====== The data

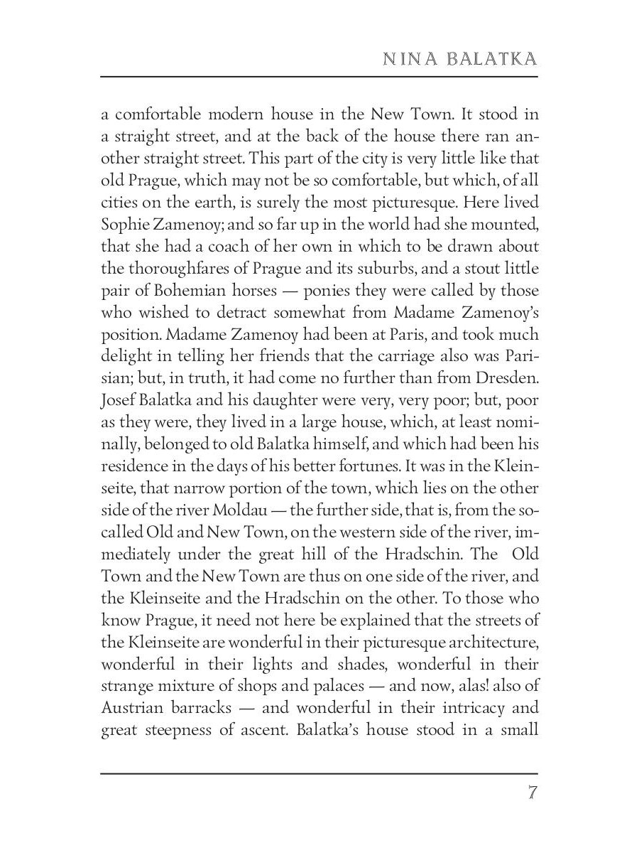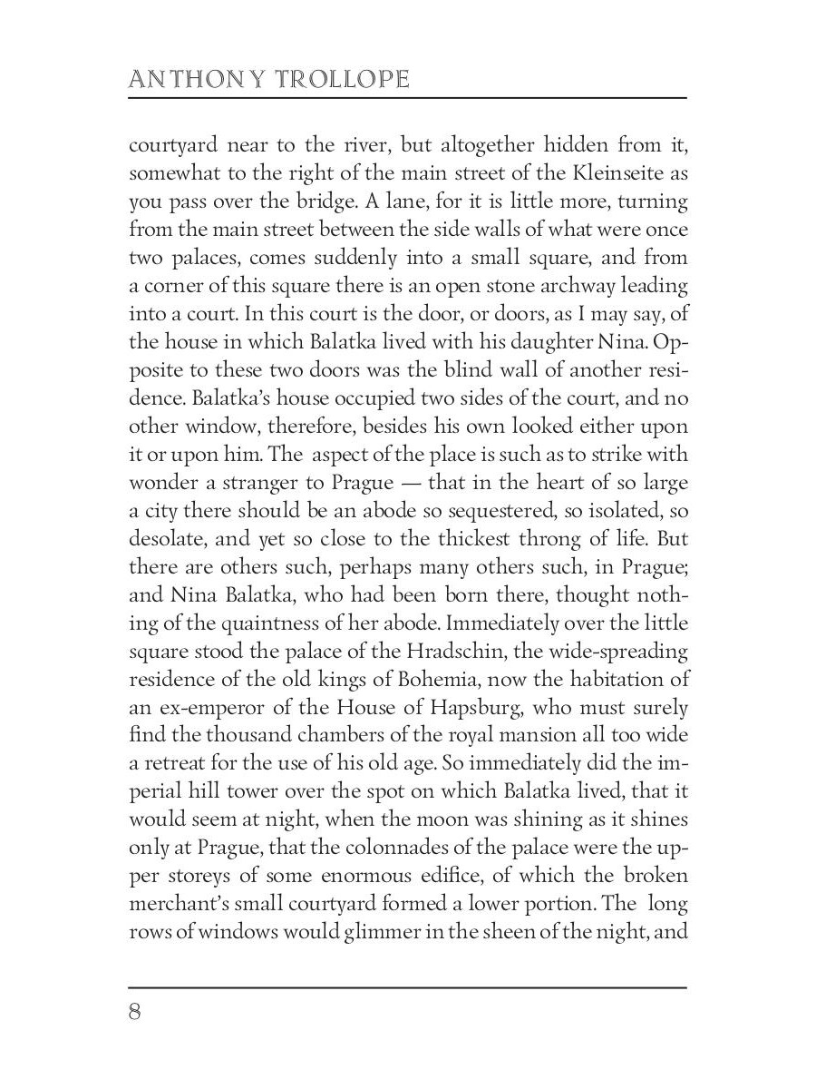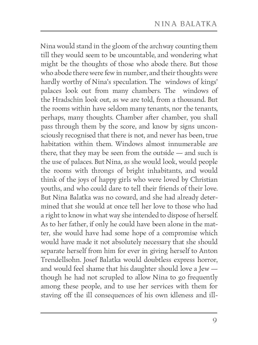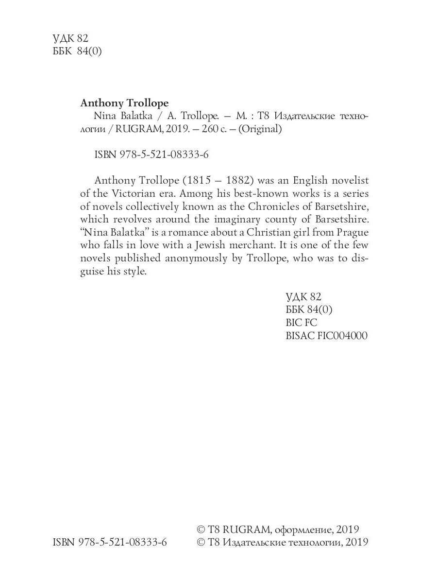 Anthony Trollope (1815 - 1882) was an English novelist of the Victorian era. Among his best-known works is a series of novels collectively known as the Chronicles of Barsetshire, which revolves around the imaginary county of Barsetshire. "Nina Balatka" is a romance about a Christian girl from Prague who falls in love with a Jewish merchant. It is one of the few novels published anonymously by Trollope, who was to disguise his style.| Издательство | Т8 RUGRAM |
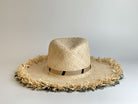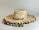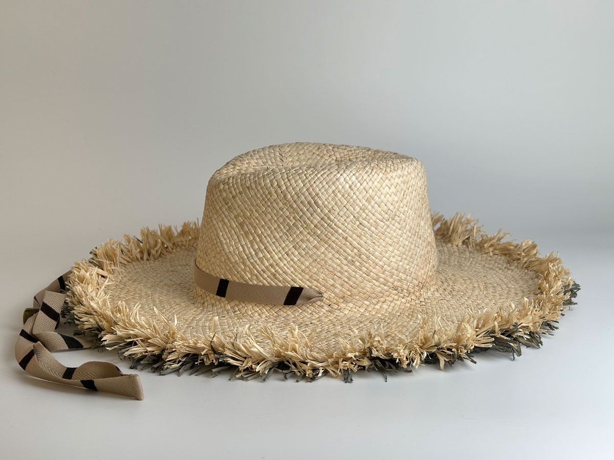 Sombrero fedora bicolor natural y verde seco con ala ancha de bordes desflecados. Lleva una cinta de algodón pintada con rayas negras que hace función de barbuquejo y permite ajustarlo para protegerte contra el viento. También para poder colgarlo cruzado a la espalda para mayor comodidad cuando quieras llevarlo sin usarlo.
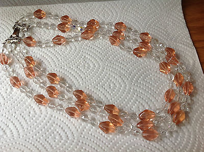 Title (ebay affiliate link): Triple Strand Glass Necklace --18"--Depression Pink & Clear Crystal
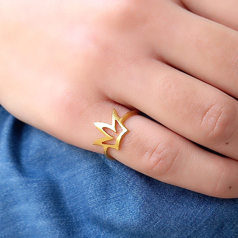 Δαχτυλίδι επιχρυσωμένου ορείχαλκου, chevalier, με σχέδιο κορώνας, το οποίο προσαρμόζεται στο μέγεθος του δακτύλου.
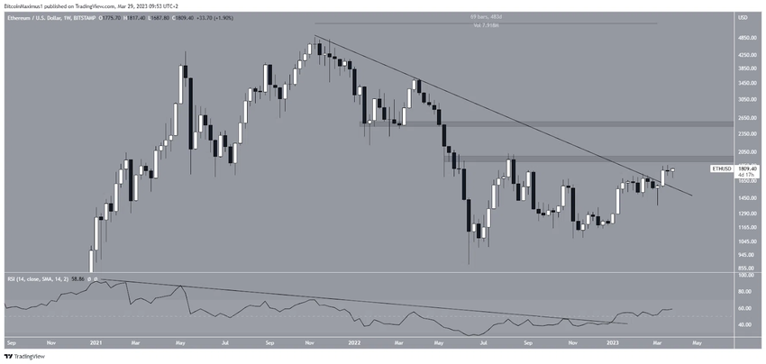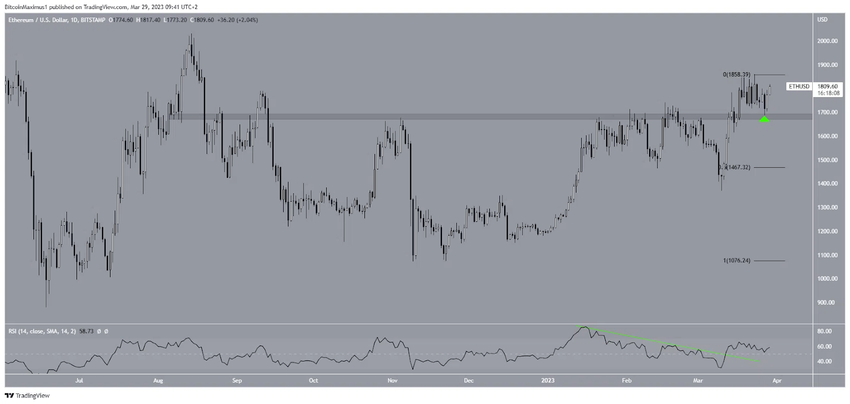상승세가 지속된다면 ETH 가격은 최소 2000달러까지 올라갈 수 있다. 하지만 1685달러 이하로 마감되면 1465달러로 0.5 피보나치 되돌림 수준으로 떨어질 수 있다.
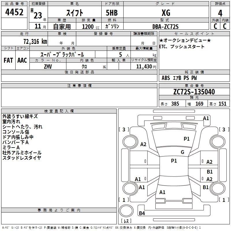 SUZUKI SWIFT 2011 г., лот № 4452
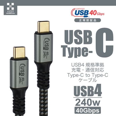 日本トラストテクノロジー USB4対応240W Type-Cケーブル USB-IF認証 PD EPR充電対応 ストレート 1m JTU4S240-CC 【同梱不可】[▲][AS]
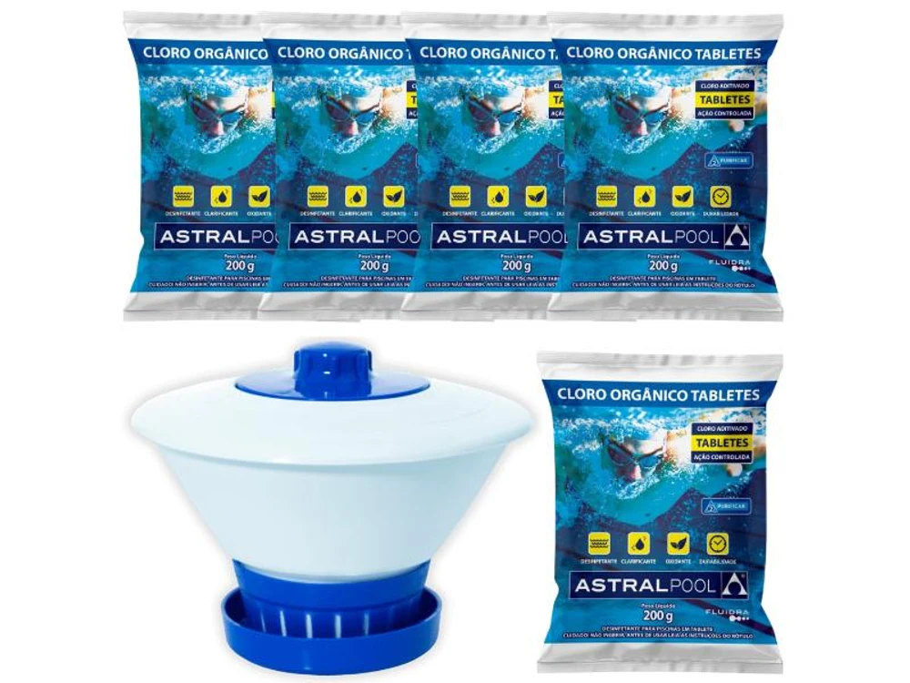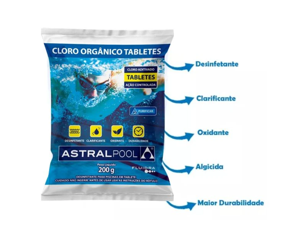 Produto concentrado, contém 86% de cloro ativo. Possui estabilizante que inibe a degradação do cloro pelos raios UV (raios solares). Astral Pool apresenta dissolução lenta para cloração contínua e automática. Sua fórmula múltipla ação é recomendada especialmente para quem quer praticidade aliada à qualidade. Poderoso desinfetante (cloro com estabilizante), clarificante, algicida e algistático. Indicado para piscinas residenciais.

============

**Work required**. The copy must match the listing above exactly but contain no pictures.

**Exercise response**.
 Anthony Trollope (1815 - 1882) was an English novelist of the Victorian era. Among his best-known works is a series of novels collectively known as the Chronicles of Barsetshire, which revolves around the imaginary county of Barsetshire. "Nina Balatka" is a romance about a Christian girl from Prague who falls in love with a Jewish merchant. It is one of the few novels published anonymously by Trollope, who was to disguise his style.| Издательство | Т8 RUGRAM |
 Sombrero fedora bicolor natural y verde seco con ala ancha de bordes desflecados. Lleva una cinta de algodón pintada con rayas negras que hace función de barbuquejo y permite ajustarlo para protegerte contra el viento. También para poder colgarlo cruzado a la espalda para mayor comodidad cuando quieras llevarlo sin usarlo.
 Title (ebay affiliate link): Triple Strand Glass Necklace --18"--Depression Pink & Clear Crystal
 Δαχτυλίδι επιχρυσωμένου ορείχαλκου, chevalier, με σχέδιο κορώνας, το οποίο προσαρμόζεται στο μέγεθος του δακτύλου.
상승세가 지속된다면 ETH 가격은 최소 2000달러까지 올라갈 수 있다. 하지만 1685달러 이하로 마감되면 1465달러로 0.5 피보나치 되돌림 수준으로 떨어질 수 있다.
 SUZUKI SWIFT 2011 г., лот № 4452
 日本トラストテクノロジー USB4対応240W Type-Cケーブル USB-IF認証 PD EPR充電対応 ストレート 1m JTU4S240-CC 【同梱不可】[▲][AS]
 Produto concentrado, contém 86% de cloro ativo. Possui estabilizante que inibe a degradação do cloro pelos raios UV (raios solares). Astral Pool apresenta dissolução lenta para cloração contínua e automática. Sua fórmula múltipla ação é recomendada especialmente para quem quer praticidade aliada à qualidade. Poderoso desinfetante (cloro com estabilizante), clarificante, algicida e algistático. Indicado para piscinas residenciais.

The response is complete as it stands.